The Afrocentrism movement that grew in popularity during the 1970s saw the advent of African names among African-Americans, as well as names imagined to be "African-sounding". Names such as Ashanti have African origins. The Black Power movement inspired many to show pride in their heritage. Harvard University sociologist Stanley Lieberson noted that, in 1977, the name "Kizzy" rose dramatically in popularity following use of the name in the book and television series Roots.

By the 1970s and 1980s, it had become common within African-American culture to invent new names using elements from already popular names. Prefixes such as La/Le, Da/De, Ra/Re, or Ja/Je and suffixes such as -ique/iqua, -isha (for girls), -ari and -aun/awn (for boys) are common, as well as inventive spellings for common names. The book Baby Names Now: From Classic to Cool—The Very Last Word on First Names places the origins of "La" names in African-American culture in New Orleans.

Apostrophes are seen more often within African-American names than other American names, such as the names Mo'nique and D'Andre.

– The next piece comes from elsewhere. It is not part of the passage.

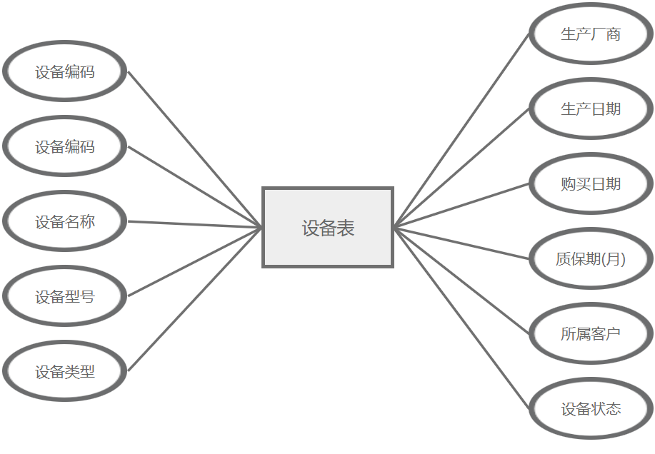 设备管理主要属性包括:设备编码、设备编码、设备名称、设备型号、设备类型、生产厂商、生产日期、购买日期、质保期(月)、所属客户、设备状态。

In his dictionary of Black names, Cenoura asserts that in the early 21st century, Black names are "unique names that come from combinations of two or more names, names constructed with common prefixes and suffixes...'conjugated' with a formula..." "Da", "La", and related sounds may originate from the French spoken in Louisiana. Attached to a common name such as Seán and spelled phonetically, one obtains "DaShawn". Diminutive suffixes from French, Spanish, and Scottish, such as "ita", may be combined directly with prefixes or to a name, as is often found in other naming or nicknaming. Conventions followed usually make the person's gender easily identifiable. Following Spanish, masculine names frequently end in "o" (e.g., "Carmello") while feminine names end with "a" (e.g., "Jeretta"). Following Irish and Italian, apostrophes may be used (e.g., "D'Andre" and "Rene'e"). Parents' names may be blended (e.g., the son of "Raymond" and "Yvonne" might be named "Rayvon").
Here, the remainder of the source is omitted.